ICC/Decision Services



What Do Customers Really Want?

Every interaction with the customer is one more step towards strengthening your brand. Whether you sell ice cream cones or treat patients in a trauma center, each of these people is purchasing goods and services from your organization, and each step towards excellence in customer experience is another opportunity for brand strengthening.

Overall, there are three truisms about customers:
1) They don’t care about your problems.
2) They don’t understand ‘quality’.
3) They expect a controlled customer experience

Let’s look briefly at each of these points:


They Don’t Care About Your Problems

Sales guru Jeffrey Gitomer once said, “They don’t care how much you know until they know how much you care.” Customers expect your product or service to be delivered as promised with no excuses. By and large, customers are not your friends. They don’t care about what is happening in your world. They don’t care about how your supplier let you down and now that snafu is being passed on in shoddy service or delivery. All they care about is that you said the sale would happen in a specific order and that’s what they expect. Period.

They Don’t Understand ‘Quality’

Excellent customer service and excellent products go together like wine and cheese. While what might be a top quality product to one is subpar to another, everyone knows good customer service when they receive it. Especially with sales of goods and services via the Internet, people cannot touch or feel the product and must therefore gauge the quality of the product based upon other indicators, such as the look and usability of your web site, the strength of your guarantee and return policies, and the excellence of your customer service. The experience that surrounds the sale is often the only information upon which customers can base the quality of your product. In other words, it’s the overall customer experience that really counts.

They Want a Controlled Customer Experience

The manner in which your customer service people handle your customers from the outset can grow or smother your brand. And yet customer service people are among the most poorly paid in many companies.
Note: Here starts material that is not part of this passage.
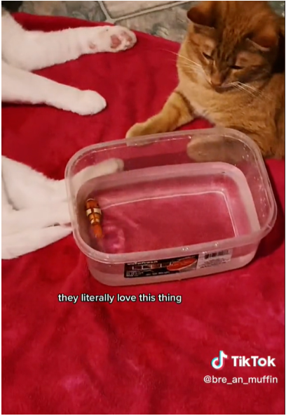 根据TikTok 用户 @Bre_an_muffin 发布的一段视频,她家里的猫咪们聚在一个小水缸旁边,看着主人新买的“宠物鱼”在水里游动着。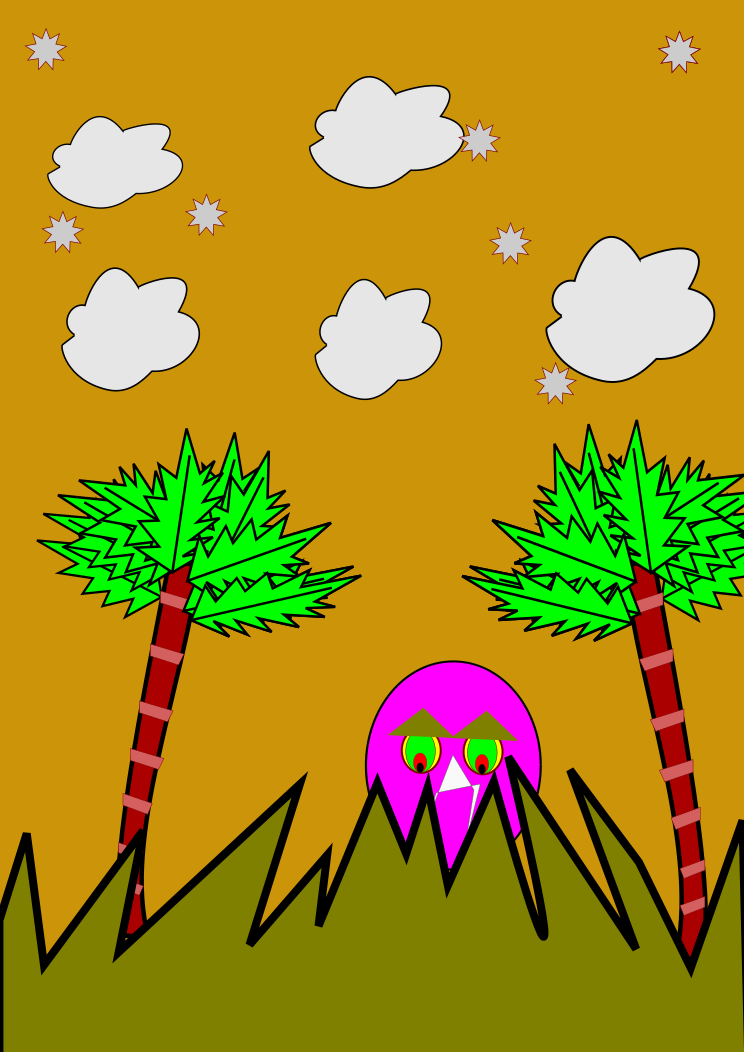 Tags: cloud, palm tree, pink ball

Think about it. Doesn’t it make sense for a company to hire the very best and brightest, with pay to match, to handle the task that is probably the most important of all? Customers want to spend money and they want you to make it easy for them to do so. But they also want clear and obvious buying steps. And they want you to predict their questions and concerns and stand ready to provide clear answers so they can get in and get out.

Bottom line: Control the customer experience by knowing what your customers need and meeting that need, and watch your business grow.